Таджики на чистом таджикском по-русски грубо повторили: "Всем сесть! Или... кирдык", чем несказанно обрадовали и удивили всё думское сословие. Все аккуратно сели не по своим местам, как у них завсегда непогрешимо принято, — и давай комментировать событие. "Кто эти? Зачем его привели?" — "Опять новые законы сочинять? Хоть бы их не стало" — "Почему в наручниках, а не на свободе?" — "Менять его надо". И другие интересные предложения. А эти таджики или дубликаты таджиков, держа Володина у трибуны, сказали спокойно, с выражением исполненного долга, с чувством удовлетворения на настоящий момент на чисто таджикском языке: "Давай, признавайся, сука, в терроризме".
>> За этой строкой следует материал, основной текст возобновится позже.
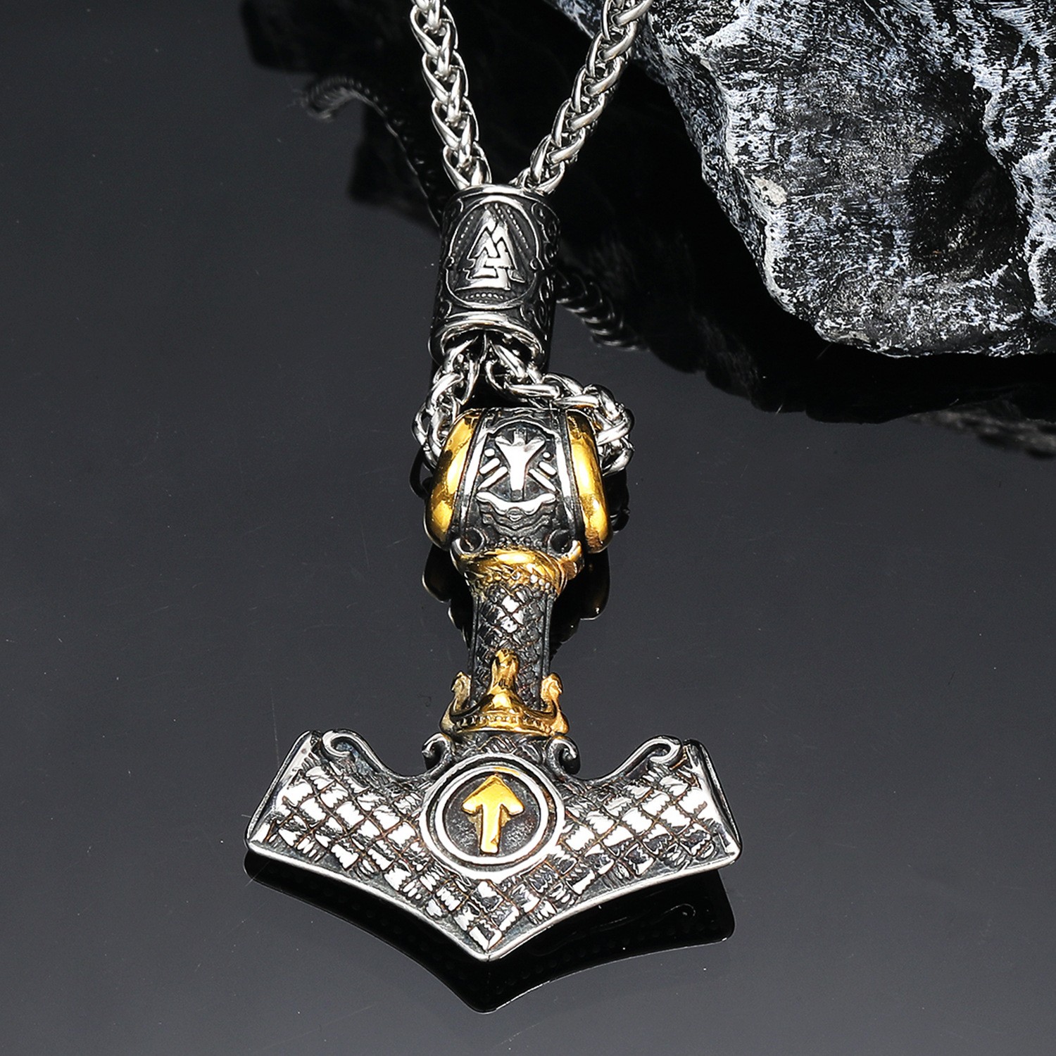 Pendentif en acier inoxydable Thor Hammer, Le marteau de Thor, noircir Environ 5mm, Vendu par PC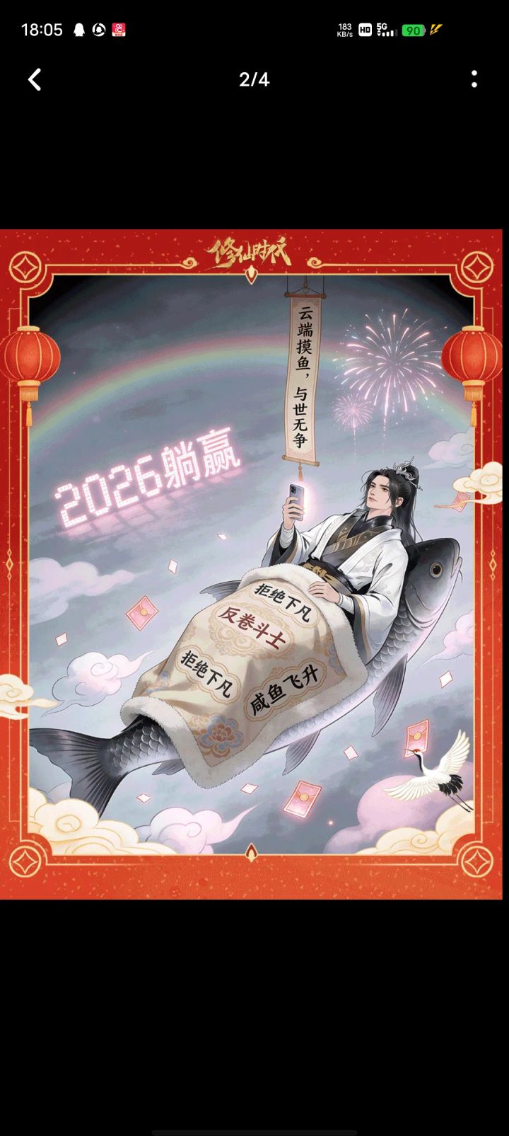 #修仙时代 #新年新状态 今年过年关主打一个“云端躺赢”拒绝下凡,反卷修仙,骑着锦鲤在云间刷手机,红包雨和烟花一起砸过来,这才是仙友该有的新年打开方式!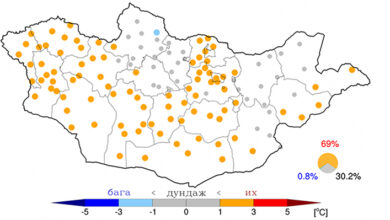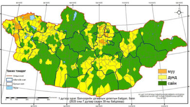 Цаг уурын байгууллагаас гаргасан улирлын ерөнхий төлөвөөр есдүгээр сард агаарын дундаж температур ихэнх нутгаар олон жилийн дунджийн орчим байх боловч…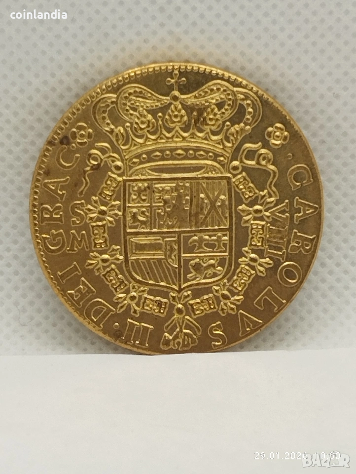 позлатена Испанска монета репродукция , снимка 1 - Нумизматика и бонистика - 53290282 позлатена Испанска монета репродукция , снимка 2 - Нумизматика и бонистика - 53290282 1/2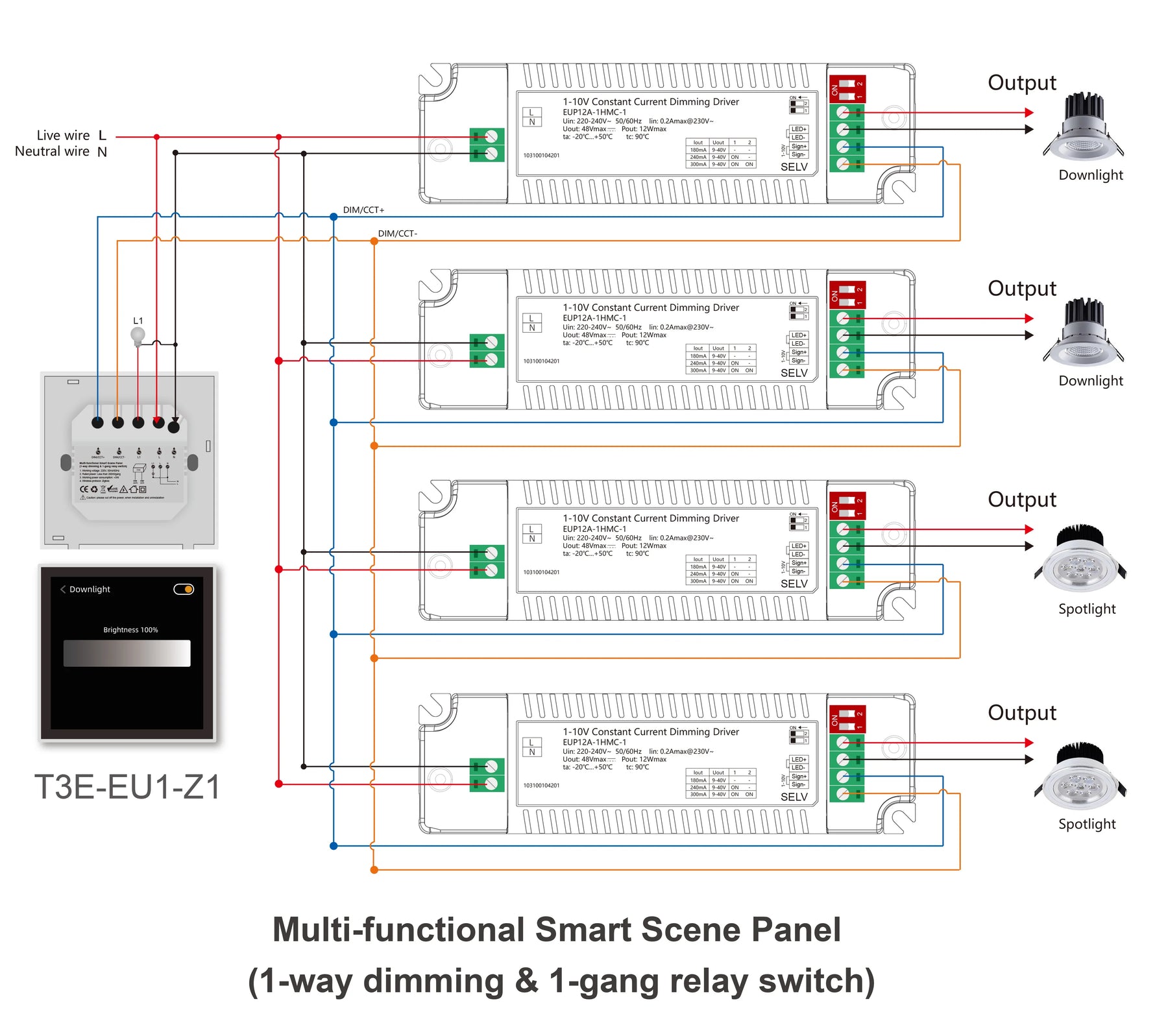 4 Inch Scene Panel & 3 Gang Relay Switch 2 in 1 connection to downlights,spotlights,light strips,etc.,intelligent control switch,can control and adjust light brightness,color temperature.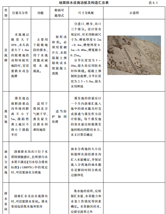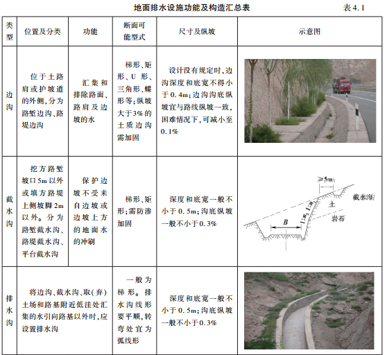 路基地表排水设施包括边沟、截水沟、排水沟、跌水与急流槽、蒸发池、油水分离池、排水 泵站等ꎬ 各地面排水构造物的构造要求如表 4. 1 所示ꎮ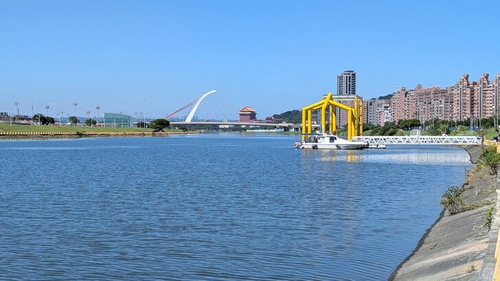 望向城市,堤邊是些美麗豪宅、公寓.↑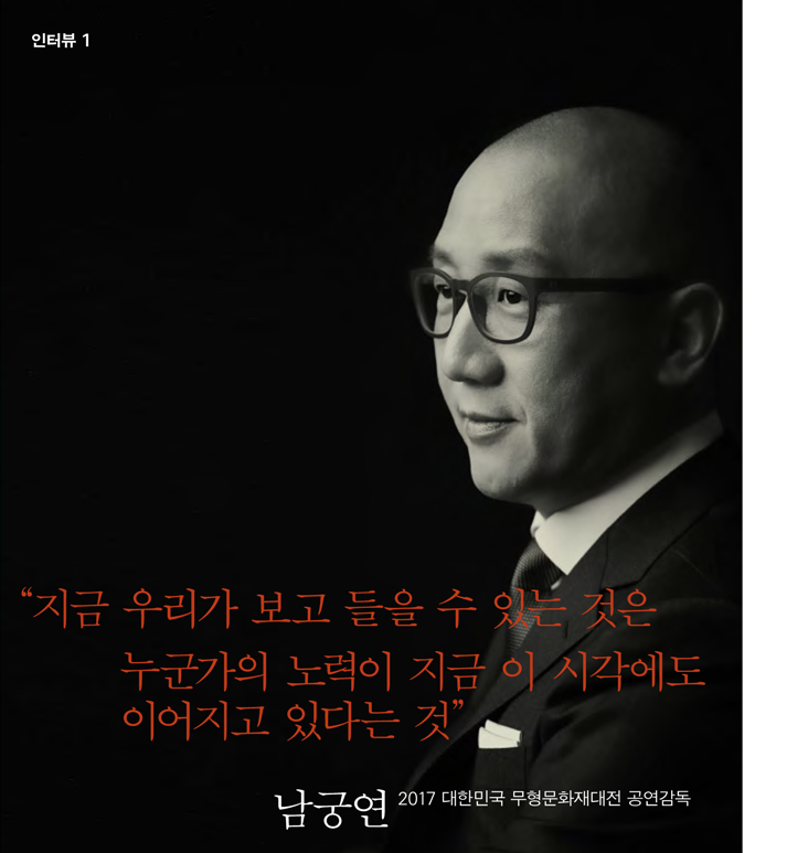 공연을 기획하면서 무형문화재의 가치와 전승에 관한 명확한 초점을 싣는 데 역점을 두었습니다. 흔히 국악을 포함한 무형문화재를 과거에 머무른 화석화된 예술로 생각하기 쉬운데, 지금 우리가 보고 들을 수 있는 것은 누군가의 노력이 지금 이 시각에도 이어지고 있다는 의미입니다. 현재의 노력이 없이는 과거와 미래를 이을 수 없는 것이 전통입니다. 이러한 맥락에서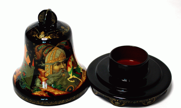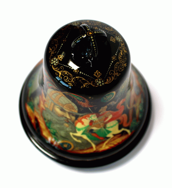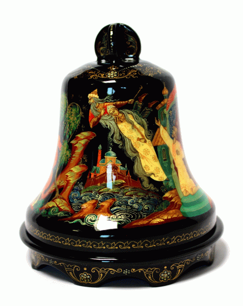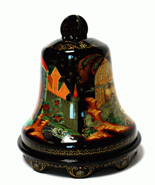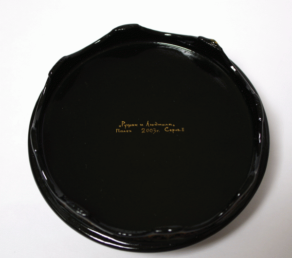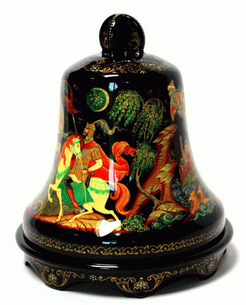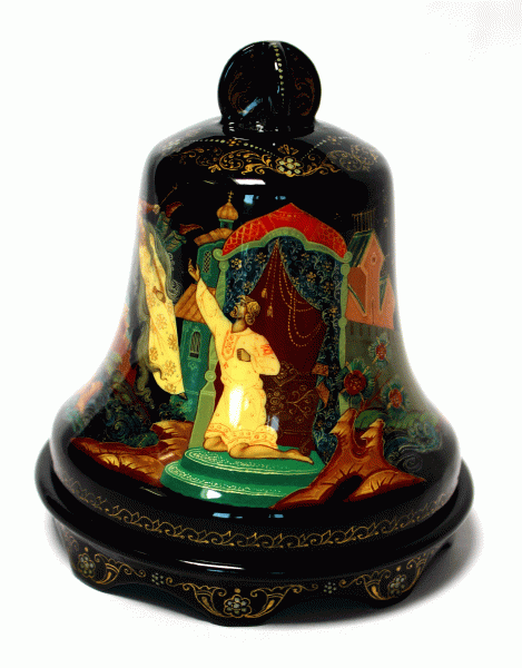 Russian Lacquer Box Hand Painted Signed Fairy Tale Ruslan & Lyudmila Bell Shape #132 $495.00 It is absolutely unique lacquer box made out of papier-mache in Russia in 2003. It was painted and signed by Russian artist Serov; Palekh Art School. The box is painted all around by one hair brush under magnifying glass. The name of the art composition is ''Ruslan & Lyudmila''. This is a famous Russian fairy tale by great Russian poet Pushkin. The black and white copy of the fairy tale will be enclosed with the order. The size of the box is H= 4.25'', diameter is 3.75''. If you need additional pictures or information, please contact us. Must for any collection!!! At Russian Island we sell only original hand painted Lacquer boxes. It takes a lot of time and skill from highly experienced artists to create a fully hand painted box. We guarantee that our boxes are fully hand painted in Russia by professional artists. Russian lacquer boxes are well known all over the world. There are four villages located not far from Moscow, which create Russian lacquer miniatures for Centuries. The schools of this art (named by villages) are PALEKH, MSTERA, KHOLYI, and FEDOSKINO. Excellent vintage condition; pictures are part of description. You will get the exact box you see on the pictures. Will ship from Texas in 2 business days.

Тот, конечно, охренев от полученного удовольствия и от безукоризненного русско-таджикского языка, но прекрасно уяснив, что это за таджики, начал топить, что, мол, чист как вода, прозрачен как хрусталь и просит товарища Путина во всём разобраться, мол, товарищ Путин, обратите внимание, произошла чудовищная ошибка.
— Сознавайся, гад, в своей террористической сущности, в унижении многонационального народа, в продажности английскому Империализму, — настаивали спецназовцы без сурдоперевода.
— Да я ни слухом, ни рылом не отношусь к продажным оппортунистическим либерастам-лгбт-оппозиционерам, я их давлю, давлю, давлю давно, почти всю жизнь, и поэтому прошу нашего президента: отведите от греха, богом молю...
— На тебя, падла, поступило много анонимок, что ты путаешься с их геями и сотрудничаешь с английской сволочной разведкой. Этого уже достаточно. Сам законы принимал. По своему закону и ответишь.
— Да я не сам, я только предлагал, а принимали вот эти, — Володин, связанный по рукам, замотал головой у трибуны, указывая на зал заседаний, на собравшиеся в зале и усевшиеся в кресла массы.
— Нам поступили сведения, что ты английский шпион, как Берия в своё время. Вот и думай тут, в Думе своей. Признавайся, гад, если народ любишь. Или ухо тебе отрежем.
— Ребята, я свой, свой, ухо-то за что? Ухо оставь. Я — ни при чём.
— Так ты не сознаёшься? Отрезать вот это, — вдруг заорал главный "таджик" в камуфляже.
Тут подскочили два изящно русскоговорящих и достали сверкающие, смертоносные, короткие кинжалы. Положили образ Володина правым ухом вверх и стали угрожать исполнением праведного почти приговора.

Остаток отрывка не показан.